San Francisco's Jewel City; the Panama-Pacific International Exposition of 1915 by Laura A. Ackley $40 Nine years after the great earthquake of 1906, San Francisco put on quite the party. The Panama-Pacific International Exposition of 1915 celebrates it's 100th anniversary this year. Heyday has produced this absolutely gorgeous book of photos, history and accounts of the amazing expo. From the Polo Grounds to Fort Mason, the world's fair created an amazing destination for the latest and greatest in food, technology, and cultures of the world.
The Secret Wisdom of the Earth by Christopher Scotton $26.00 After witnessing the death of his younger brother in a terrible home accident, 14-year-old Kevin and his grieving mother are sent for the summer to live with Kevin's grandfather. In this peeled-paint coal town deep in Appalachia, Kevin quickly falls in with a half-wild hollow kid named Buzzy Fink who schools him in the mysteries and magnificence of the woods. The events of this fateful summer will affect the entire town of Medgar, Kentucky.
Wildalone by Krassi Zoukova $25.99 A freshman at Princeton, Thea Slavin, away from her family and her Eastern European homeland for the first time, falls into a romantic entanglement with two brothers who draw her into a sensual mythic underworld as irresistible as it is dangerous where she uncovers a terrifying truth about her own family.

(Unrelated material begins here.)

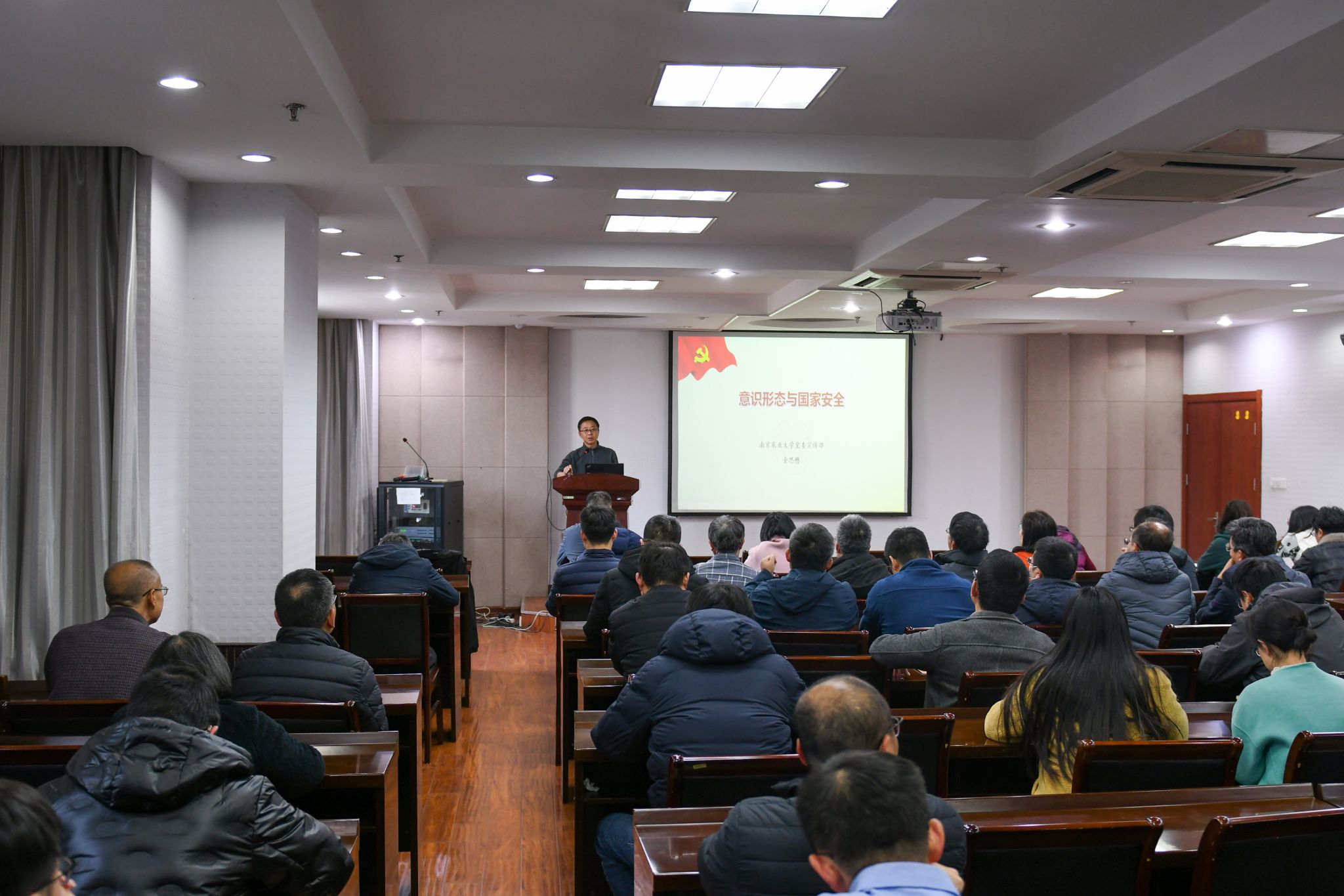 会上,全思懋以《意识形态与国家安全》为题,首先向老师们强调了意识形态工作是党的一项极端重要的工作,是为国家立心、为民族立魂的工作。随后他从什么是意识形态、意识形态斗争的主要形式、当前我国意识形态工作面临的形势、当前意识形态领域存在的挑战、如何做好意识形态工作等五个方面,详细分析了当前意识形态领域面临的新情况、新问题、新风险、新挑战,深入浅出地讲解了筑牢意识形态安全防线,守牢意识形态阵地。

The 30 Day Vegan Challenge by Colleen Patrick-Goudreau $29.95 Are you finding that you want to be healthier in the new year? Oakland author Patrick-Goudreau has authored several books on vegan cooking and this one will give you a chance to explore eating in a new way. I know from experience that her recipes are not terribly difficult and uniformly delicious. You owe it to yourself to take a look.
***Just booked! Sunday, January 25 meet Colleen and try some of her treats at 3pm!***

Speaking of food, here's a brand new arrival.
My Usual Table; A Life in Restaurants by Colman Andrews $14.99 Combining his own story of growing up during Hollywood's golden age with tales of traveling the world in pursuit of great food, the founding editor of Saveur reveals how, from his usual table, he has watched the changing history and culture of food in America and Western Europe.
Fans of Ruth Reichl will eat this up.

This House, My Bones by Elmaz Abinader $18.95
Author Statement: The conversation with history is witnessed by the earth and etches the collisions on its body-every rock and road, riverbed and meadow hold the marks of migrations, escapes, exiles, alienations, aging and evolutions. In This House, My Bones, the body and the earth exchange their positions and perspectives. The memories of war are on the skin as well as on the mesa, the exile is written in dust and cells. Through mining experience of occupation, dislocation, and aging, I created poems where the body and the earth examine their bruises.
**Author Event on February 20**
And if you are looking for inspiration for the new year, here are three good choices:
Happier At Home by Gretchen Rubin $15 The author of The Happiness Project has subtitled the new book "Kiss More , Jump More, Abandon Self-Control, and My Other Experiments in Everyday Living" She sets out to make home a place that calmed her, and energized her. A place that, by making her feel safe, would free her to take risks. Also, while Rubin wanted to be happier at home, she wanted to appreciate how much happiness was there already.
10% Happer; How I Tamed the Voice in My Head, Reduced Stress Without Losing My Edge, and Found Self-help That Actually Works- A True Story by Dan Harris $15.99 The Nightline anchor, who had a nationally televised panic attack on Good Morning America, takes readers on a rollicking ride through the outer reaches of neuroscience to the inner sanctum of network news during which he discovered a way to get happier that is truly achievable.
Small Move, Big Change; Using Microresolutions to Transform Your Life Permanently by Caroline L. Arnold $16.00 Whether trying to lose weight, save money, get organized, or advance on the job, we're always setting goals and making resolutions, but rarely following through on them. According to longtime Wall Street technology strategist Caroline Arnold, the big push" strategy of the New Year's resolution is designed to fail, because it broadly pits our limited willpower stores against an autopilot of entrenched behaviors and attitudes that is far more powerful.